3.  **`GraphExecutor`**: The "engine" that runs the graph. It is a Python generator that runs one node, yields the execution log for that step, and then pauses, waiting for the next call.

4.  **Node Implementations**: The "building blocks" of your agent.

      * **`LLMNode`**: The "Thinker." Calls an LLM (e.g., Gemini) to generate text, modify plans, or correct code.
      * **`ToolNode`**: The "Actor." Executes any deterministic Python function (e.g., run code, search a database, call an API). It supports separate routing for `success` and `error`.
      * **`RouterNode`**: The "Choice." Executes a simple Python function to inspect the state and returns a string key, which deterministically routes execution to the next node. This is your "if/else" statement.
      * **`ClearErrorNode`**: A utility node that cleans up state (e.g., removes `last_error`) to prevent infinite loops.

-----

## Example: A Self-Correcting Agent

The following graph defines an agent that writes, tests, and *debugs its own code*. This kind of stateful loop is trivial in `lar` but extremely complex in a linear-chain framework.

This agent will:

1.  **Write Code** (using `LLMNode`)
2.  **Test Code** (using `ToolNode`)
3.  **Judge Result** (using `RouterNode`)
4.  If the test fails, it **loops back** to an `LLMNode` (the "Corrector") with the error message, clears the error, and tries again.

### Graph Architecture

![Lár Self-Correcting Agent Architecture](assets/lar_architecture.jpeg)

### Building the Graph

```python
from lar import *

# 1. Define the tools and logic
def run_generated_code(code_string: str) -> str:
    # ... (executes code, raises ValueError on logic error)
    pass

def judge_function(state: GraphState) -> str:
    # ... (checks state for "last_error", returns "failure" or "success")
    pass

# 2. Define the agent's nodes
success_node = AddValueNode(key="final_status", value="SUCCESS", next_node=None)
tester_node = ToolNode(tool_function=run_generated_code, ...)
clear_error_node = ClearErrorNode(next_node=tester_node)

corrector_node = LLMNode(
    prompt_template="Fix this code: {code_string}. Error: {last_error}",
    output_key="code_string",
    next_node=clear_error_node
)

judge_node = RouterNode(
    decision_function=judge_function,
    path_map={"success": success_node, "failure": corrector_node}
)

# Set the tester node's paths
tester_node.next_node = judge_node
tester_node.error_node = judge_node
```

-----

## Project Vision: `lar` & `Snath™`

This project follows a professional Open-Core model.

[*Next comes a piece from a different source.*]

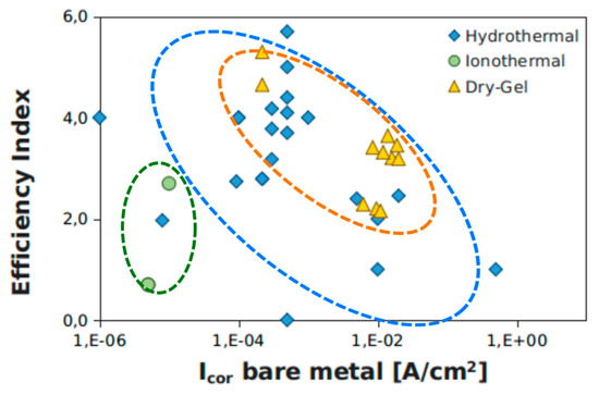 In Table 1, a brief summary of some scientific articles focused on the anti-corrosion performances of zeolite-based coatings obtained by hydrothermal and ionothermal in situ crystallization techniques is reported. In particular, the main information related to coating typology, synthesized in order to evaluate their effectiveness as a protective coating against corrosion, is indicated. The table shows that most of the supports on which zeolite coatings have been made were an aluminum alloy. The performance of the coating has been investigated in multiple environmental conditions, ranging from chloride environments up to acidic [46] or strongly alkaline (pH 12.5) [47] electrolytes. Coatings based on zeolite have been found to have an effective anticorrosive behavior, with a reduction of the corrosion current by up to 5 orders of magnitude compared to the uncoated support.

  * **`lar` (The Core Engine):** This repository. The `lar` library is, and always will be, free and open-source (MIT License). It is the core framework for building and running agents.

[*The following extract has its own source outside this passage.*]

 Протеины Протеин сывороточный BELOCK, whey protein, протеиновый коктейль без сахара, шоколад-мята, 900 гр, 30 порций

  * **`Snath™` (The Commercial Platform):** The future commercial, managed platform for teams and enterprises, available at **`snath.ai`**. `Snath™` will provide a hosted, collaborative environment for deploying, managing, monitoring, and debugging `lar`-based agents at scale. The `snath_app.py` in this repo is the first prototype of this platform.

## Contributing

We welcome contributions to `lar`. Please open an issue or submit a pull request for any bugs, features, or documentation improvements.

## License

This project is licensed under the MIT License.